Home All Groups Group Topic Archive Search About

Serialization takes to long. Any suggestions?

Author
19 Jul 2006 3:28 PM
E
I have binary datafiles that I read and write from a stream that is created
through Serialization/DeSerialization.  These data files are very large and
it's taking to much time to deserialize the stream. 

I have already implemented the SerializationInfo/StreamingContext
Constructors and the GetObjectData and have also used OnDeserialization.  But
it still takes to much time to Deserialize the stream.  Can anyone suggest
something else that can be done to speed up deserialization?

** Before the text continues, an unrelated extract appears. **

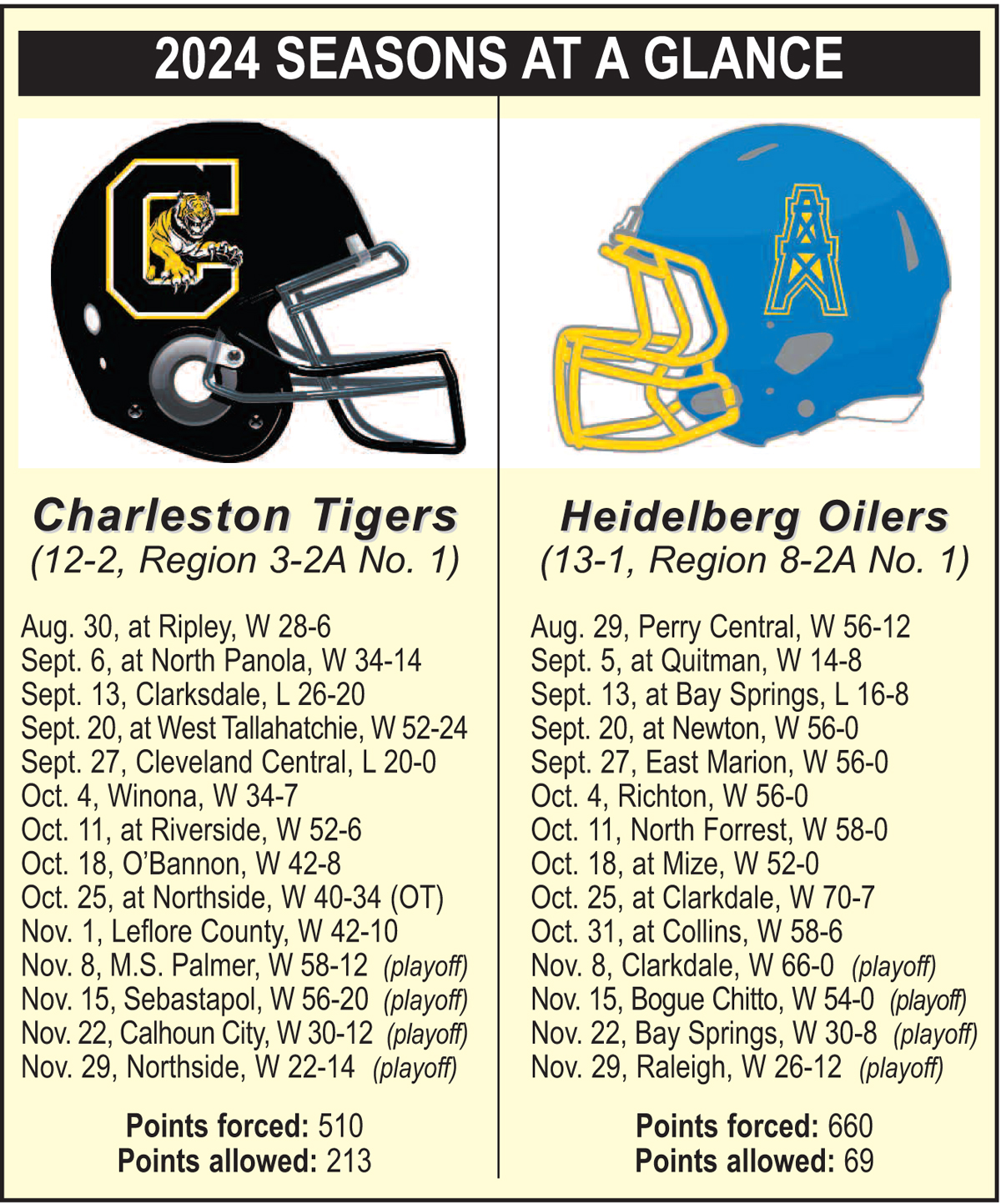 M.M. Roberts Stadium at the University of Southern Mississippi in Hattiesburg is the setting for Saturday afternoon’s Class 2A state championship football game pitting the Tigers of Charleston High School against the Oilers of Heidelberg High School. Kickoff is scheduled for noon.
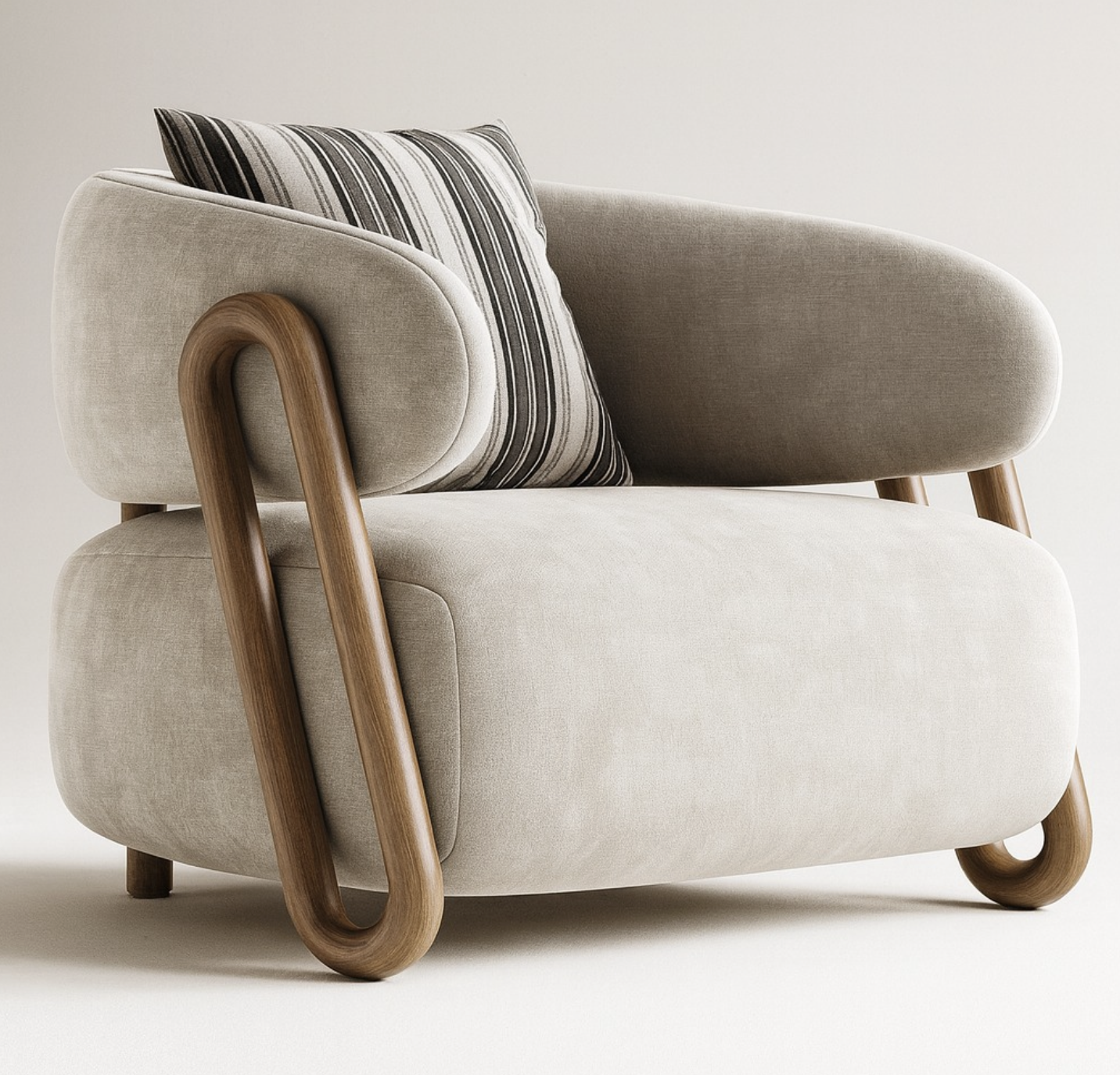 The Sora Lounge redefines modern relaxation through the lens of fluid geometry. Its most striking feature, a continuous, hand-finished wooden loop, serves as both the structural base and a stunning visual anchor. This frame supports two generously proportioned cushions that appear to hover, offering a weightless aesthetic. Finished in a soft, premium neutral textile and accented with a classic striped lumbar pillow, the Sora is designed for those who appreciate the intersection of daring design and daily utility.

I am now at the point to break the full Serialzation/Deserialization by not
adding/getting some of the lower objects and read/write those into some
additional binary flat files.  If I do this I was wondering if I can simply
perform this functionality from within SerializationInfo Constructor and the
GetObjectData method.  Has anyone tried this?  Would if be faster if I took
this out of the binary flat files and moved it all to Sql Server?


--
Ed Reyes

Author
19 Jul 2006 4:33 PM
Kevin Spencer
You'll have to explain more about these "files" and what they are serialized
from.

--
HTH,

Kevin Spencer
Microsoft MVP
Professional Chicken Salad Alchemist

What You Seek Is What You Get.


Show quote
"E" <E@discussions.microsoft.com> wrote in message
news:3A89C25F-00F2-4342-A52E-EB6B5ED1153D@microsoft.com...
>
> I have binary datafiles that I read and write from a stream that is
> created
> through Serialization/DeSerialization.  These data files are very large
> and
> it's taking to much time to deserialize the stream.
>
> I have already implemented the SerializationInfo/StreamingContext
> Constructors and the GetObjectData and have also used OnDeserialization.
> But
> it still takes to much time to Deserialize the stream.  Can anyone suggest
> something else that can be done to speed up deserialization?
>
> I am now at the point to break the full Serialzation/Deserialization by
> not
> adding/getting some of the lower objects and read/write those into some
> additional binary flat files.  If I do this I was wondering if I can
> simply
> perform this functionality from within SerializationInfo Constructor and
> the
> GetObjectData method.  Has anyone tried this?  Would if be faster if I
> took
> this out of the binary flat files and moved it all to Sql Server?
>
>
> --
> Ed Reyes
>
Author
19 Jul 2006 6:24 PM
E
The binary file is a serialization.  The serialization contains objects
containing objects 5 deep.  The various objects contain ArrayLists of
objects, HashTable of Objects and of course value fields.  The Serialization
and DeSerialization works fine.  It just takes to long to Deserialize mainly
and even the Serialization is a bit slow but not terribly bad.  A Test file
is about 31 megs, they will assuredly get bigger.  If I can somehow speed up
the Deserialization then I would have no problem.  I am already using the
SerializationInfo Constructor and using the GetObjectData method to
Deserialize and Serialize and I am using OnDeserialization to do anything
else I may need to do (which is very very little) after Deserialization.  Can
something else be done to speed Deserialization?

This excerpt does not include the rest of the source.